Темнота глубокой ночи, бумаги стопками на столе перед ним, пепельница, полная окурками и сухим хрустящим пеплом выкуренного – и Вальтер, открывающий дверь. “Позволите?” – улыбка – “Кажется, на весь этаж мы остались одни.”
“Удивительно.” – собственный сарказм. – “Все что, решили пойти спать? Ночью? Абсурд.”
Вальтер смеется, ставя свой портфель для бумаг на стол перед Штирлицем. Щелкают замки, и жестом фокусника чужие руки вытягивают бутылку. Франция, пять лет настоя. “Решили разнообразить наши будни? А бокалы?”
“Из горла. Как все уважающие себя люди, пьющие ночью на работе.”
“Что же. Это, как минимум, весело. Давайте, открою.”
Штирлиц морщится – заставляет себя поморщиться – здесь и сейчас.
– Кислятина.
– Вам ли жаловаться?
– Вам ли пить этот уксус?
Шелленберг в ответ только пожимает плечами, отпивая из своего стакана. Причмокивает губами, словно пробуя впервые, смотрит в окно в задумчивости.
– Мне, как оказалось. Мне – пить уксус, другим – праздновать… Сорок лет, и уже за бортом жизни. Представьте себе?
Он говорит это человеку в робе. Просто смешно. Но Штирлиц знает, каким будет чужое возражение: “Вам уже пятьдесят, не сравнивайте себя и меня”. Так что он не говорит об этом, делая новый глоток вина. Вкус кажется чем-то невероятным, амброзией из давно забытых лет, и знание о том, что это может быть последним вином в его жизни, борется с желанием проглотить все разом. Необходимо растягивать – как хлеб. Так что он растягивает.

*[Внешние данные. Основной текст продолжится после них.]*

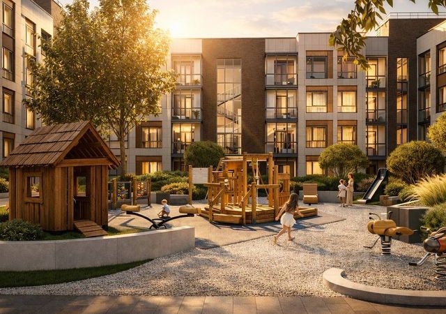 Территория квартала безбарьерная. В каждом дворе будет выполнено уникальное благоустройство по авторскому проекту с детскими и спортивными площадками, местами для отдыха и активностей. Концепция озеленения выстроена по принципу "живописный двор круглый год". Любителям активного образа жизни особенно понравятся эксплуатируемые кровли с зонами для йоги и солярия, откуда открывается невероятный вид на зеленый лес, раскинувшийся вокруг квартала.

– Что произошло? Не думал встретить вас здесь. – Спрашивает просто и как бы невзначай, словно имеет право задавать этот вопрос. Наглость, бывает, спасает там, где убивает тупое послушание.
Шелленберг сжимает губы в тонкую бледную линию, в задумчивости покачивается на мысках. Задел за живое – невероятно логично, абсолютно очевидно. И либо сейчас ему сделают замечание, ударят, прогонят, либо…
– Случились вы.
Либо он сделал верную ставку. А Шелленберг продолжает, не замечая внутреннего торжества:
– Случились вы… Знатно мне жизнь подпортили, к слову. Сначала – шпион в моем отделе, при том, раскрытый не мной, а стариком-баварцем – и что, не могли попросить меня раскрыть вас, если поняли, что это конец? Я бы не тронул вас так, как это сделал он, у меня были еще мои очаровательные юношеские идеалы… А три месяца назад обвинили в гомосексуализме. С вами. – Он раздраженно дергает плечами. – Разумеется, оказалось, что все доказательства сфабрикованы, но скандала такого масштаба достаточно для того, чтобы меня тихо убрали от дел.
– А что, и впрямь сфабриковали?
– Нет конечно. Я разорился на подкуп экспертов. – Шелленберг морщится. – Не собирался оказываться на вашем месте – трудно ли винить?
– Нет. – Штирлиц медленно мотает головой. – Нет, не трудно.
Потому что, оказавшись здесь, он действительно понимает все чужое нежелание, весь чужой страх от начала и до конца, и даже больше, потому что знает, чего бояться, намного лучше.